For teams that run their own infrastructure, having the freedom to configure these settings the right way matters. DarazHost provides VPS and dedicated servers for both Windows and Linux environments, with full administrator or root access so you can set IE ESC, Group Policy, and Edge baselines exactly as your security model requires. Our plans include server-level security and firewall protection to harden the perimeter around your workloads, backed by 24/7 support when you need a second set of hands on a configuration question. Whether you are locking down a production box or spinning up a test environment, you keep full control of the security policies that govern it.
Best Practices Checklist for IE ESC and Server Browsing
- Keep IE ESC On by default on production servers.
- Disable it only for a specific account and a specific task, then revert.
- Use the trusted sites list instead of a blanket disable where possible.
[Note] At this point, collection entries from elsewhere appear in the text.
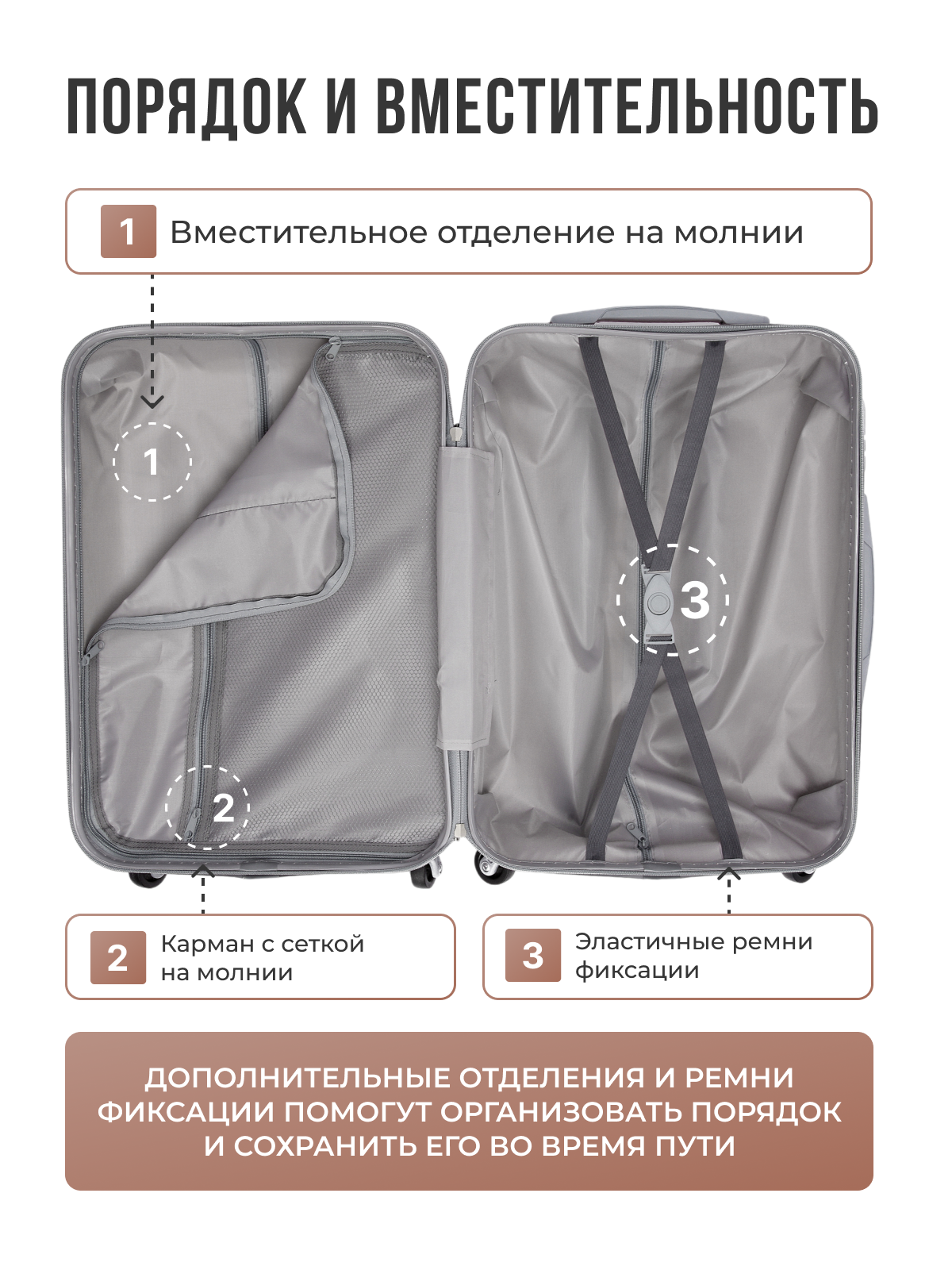 Чемодан TEVIN, 120 л, размер L+, белый/коричневый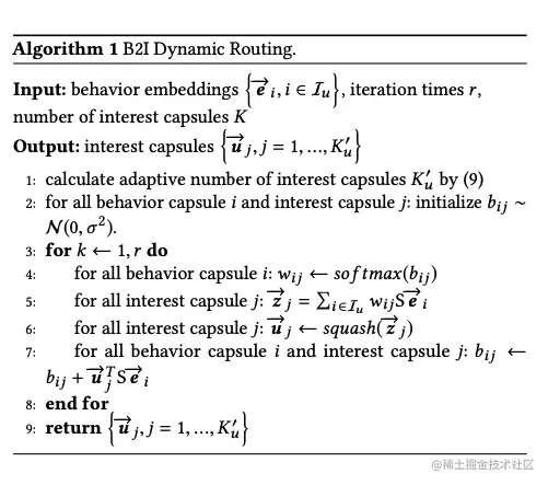 MIND 借鉴了Hiton的胶囊网络(Capsule Network),提出了Multi-Interest Extractor Layer来对用户历史行为embedding进行软聚类,算法如下: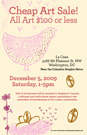 Neighbors’ Consejo is a local nonprofit organization that provides bilingual and multicultural services to the homeless, addicted and low-income residents of the Mt Pleasant, Columbia Heights and Adams Morgan neighborhoods of DC. Their programs include street outreach, counseling and case management, vocational services, addiction treatment, and an advocacy program that promotes civic engagement and develops leadership skills. After 15 years of providing much-needed services, their funds have been drastically cut. Please help them reach their goal of raising $200,000 by the end of the year by purchasing art at the Cheap Art Sale. We will also be taking donations for Neighbors’ Consejo at the art sale, if you would like to donate without buying something. You can also donate funds on their website (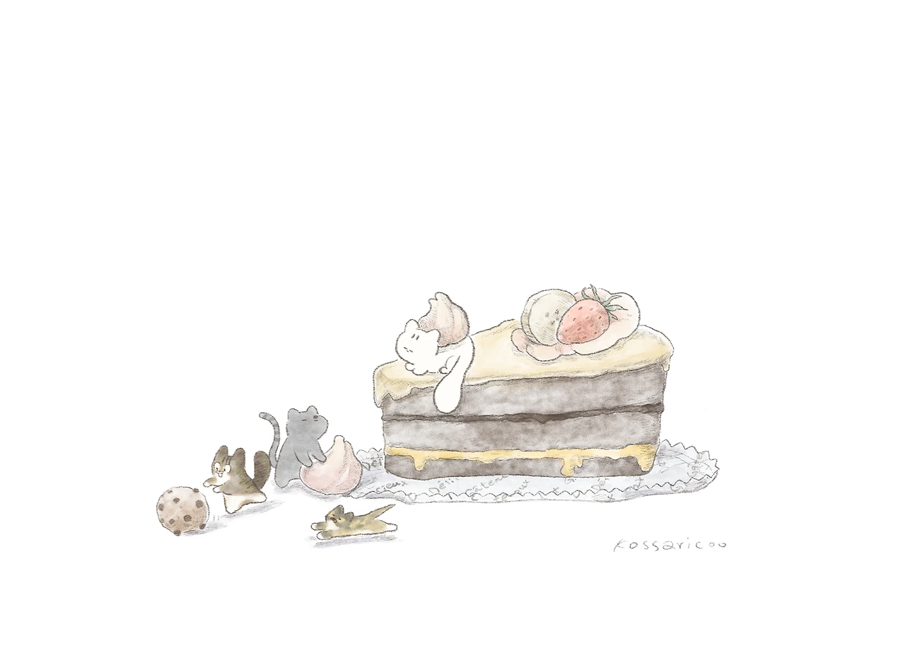 고양이들보다 훨씬 큰 디저트들이 가득.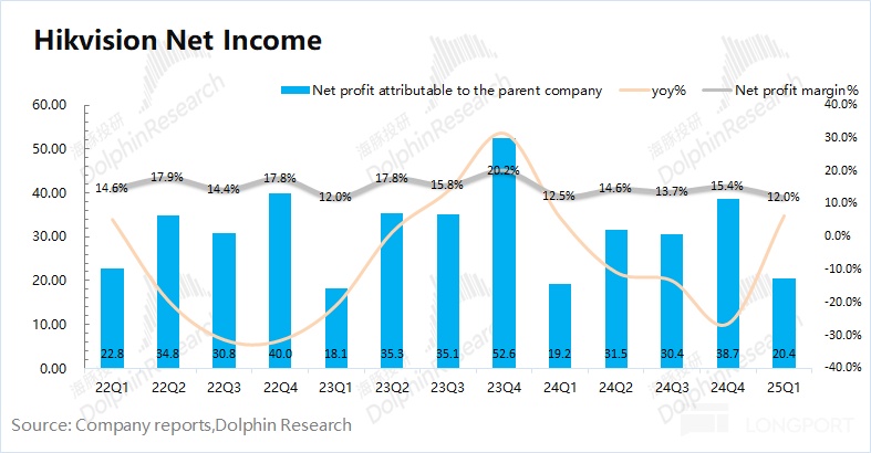 海康威视在 2025 年第一季度实现归母净利 20.4 亿元,同比增长 6.4%。其中公司本季度公司净利率也仅有 12%,仍旧在历史低位。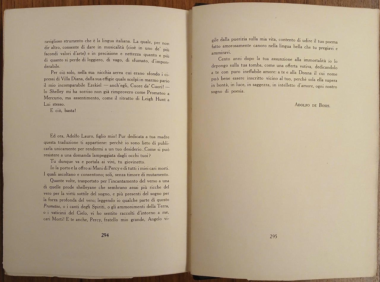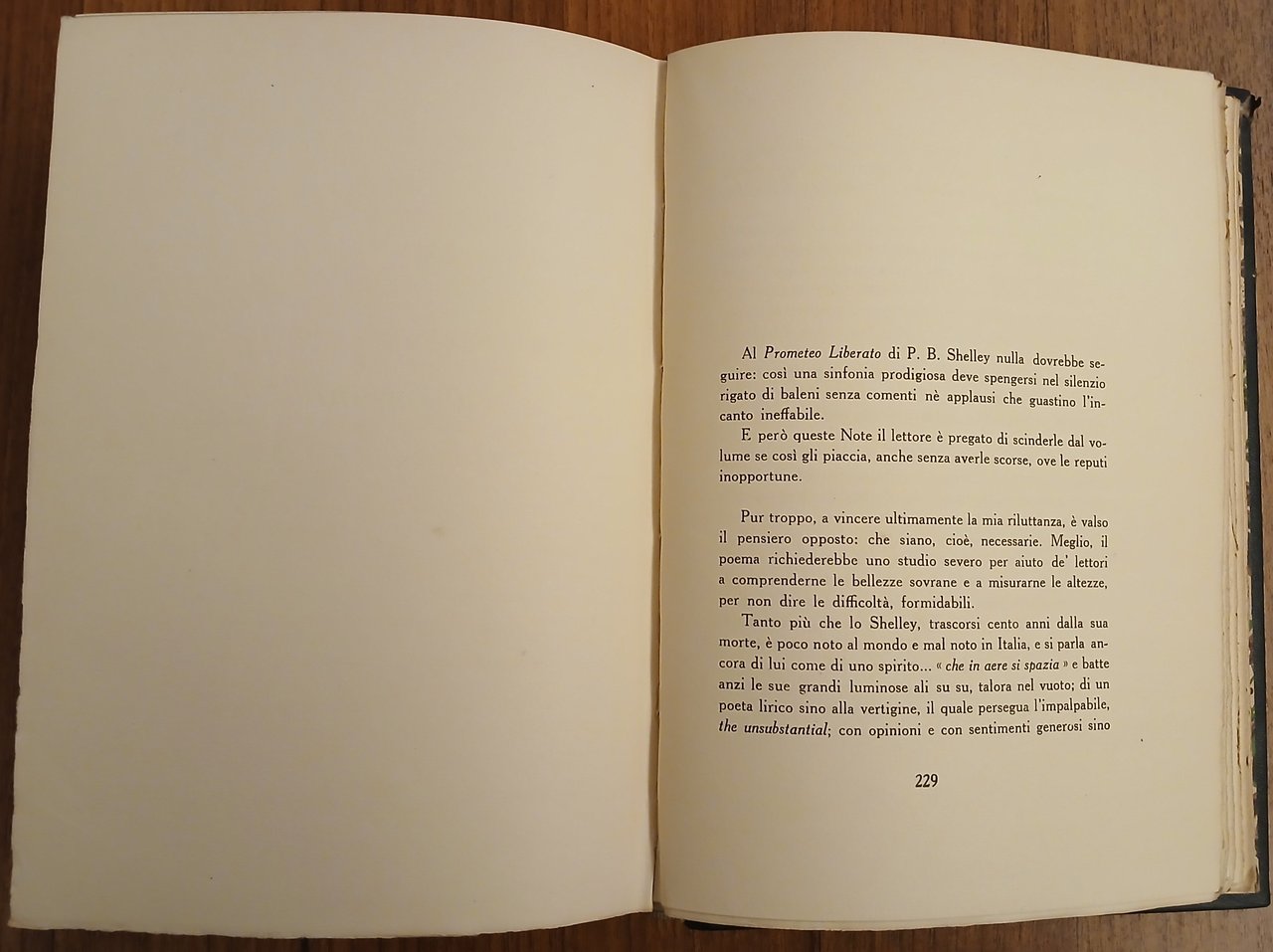 Il dramma “Prometheus Unbound” tradotto dall’inglese e commentato da Adolfo De Bosis. Volume in 8°, legatura coeva in piena pelle, dorso a cinque nervi con filetti e piccoli fregi dorati, ai piatti impressioni a motivo floreale entro cornice con filetti e dentelle dorate, carte di guardia decorate, taglio di testa marmorizzato (Legatoria Dante Gozzi e Figlio, Modena), pp. 295,(1). Bell’esemplare, in ottimo stato di conservazione.
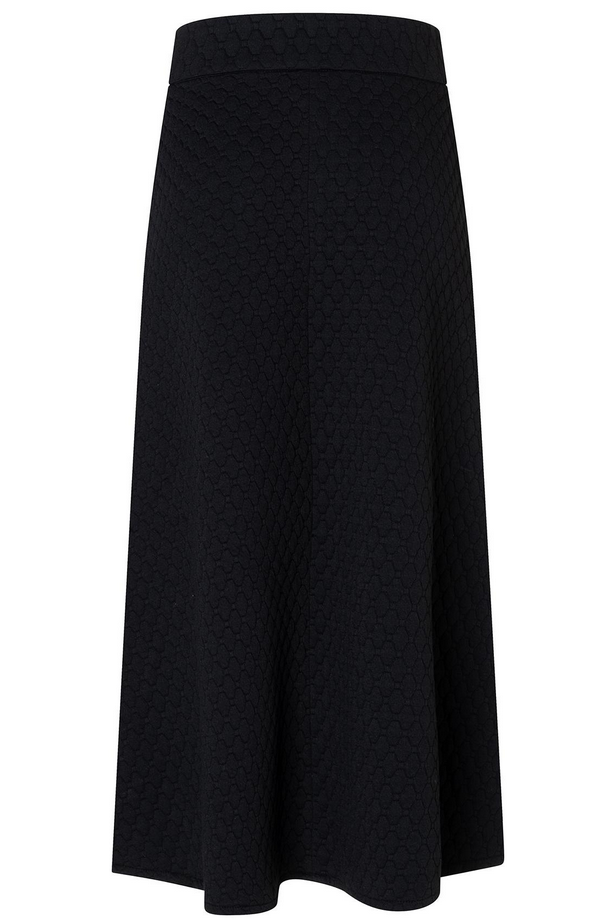 Skirt Midi Black Aldura by Ana Alcazar offers a chic balance of elegance and comfort. Crafted with a flattering A-line fit, this black skirt features a subtle textured pattern, perfect for a sophisticated look. The soft fabric gracefully falls to a midi length, making it a versatile addition to any wardrobe.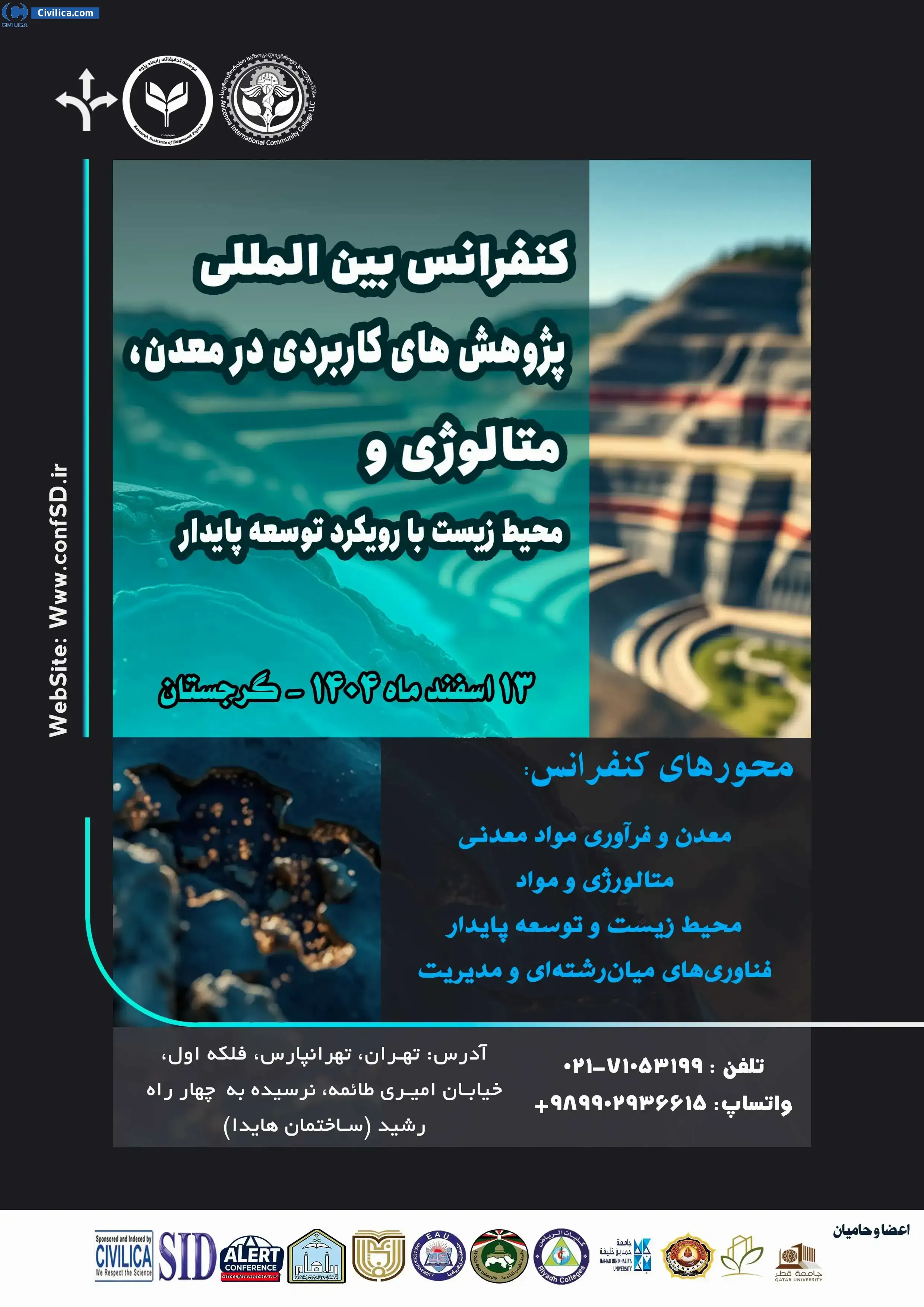 کنفرانس بین المللی پژوهش های کاربردی در معدن، متالوژی و محیط زیست با رویکرد توسعه پایدار در تاریخ ۱۳ اسفند ۱۴۰۴ توسط ،دانشگاه بین المللی ابن سینا گرجستان با همکاری موسسه تحقیقاتی رایمند پژوه برگزار خواهد شد.با توجه به اینکه این همایش به صورت رسمی برگزار می گردد، کلیه مقالات این کنفرانس در پایگاه سیویلیکا و نیز کنسرسیوم محتوای ملی نمایه خواهد شد و شما می توانید با اطمینان کامل، مقالات خود را در این همایش ارائه نموده و از امتیازات علمی ارائه مقاله کنفرانس با دریافت گواهی کنفرانس استفاده نمایید.

- Manage Microsoft Edge hardening through Edge policies, separately from IE ESC.
- Perform downloads and research on a workstation, not the server.
- Document any change so the next administrator understands why a server is in a relaxed state.
Frequently Asked Questions
Does disabling IE ESC require a server reboot? No. The change applies to new browser sessions immediately. You only need to close and reopen the browser for the new setting to take effect.
Can I disable IE ESC for administrators but keep it on for users? Yes. The Server Manager dialog has independent Administrators and Users toggles. Disabling it for administrators only, while leaving it on for standard users, is a more measured approach than turning it off for everyone.
Why is the IE Enhanced Security Configuration option missing from Server Manager? It may be controlled by Group Policy in a domain environment, or it may not be exposed on certain minimal or newer installations. Check your applicable Group Policy settings before assuming the feature is unavailable.
Does turning off IE ESC weaken Microsoft Edge’s security? Not directly. Edge enforces its own security baseline and policies independently. IE ESC mainly governs the legacy Internet Explorer engine and security zones. Edge hardening must be managed through Edge’s own configuration.
Is it safe to disable IE ESC permanently? It is generally not recommended on production servers. Disabling it permanently broadens the attack surface. If you must browse occasionally, scope the change to one account and one task, then re-enable it.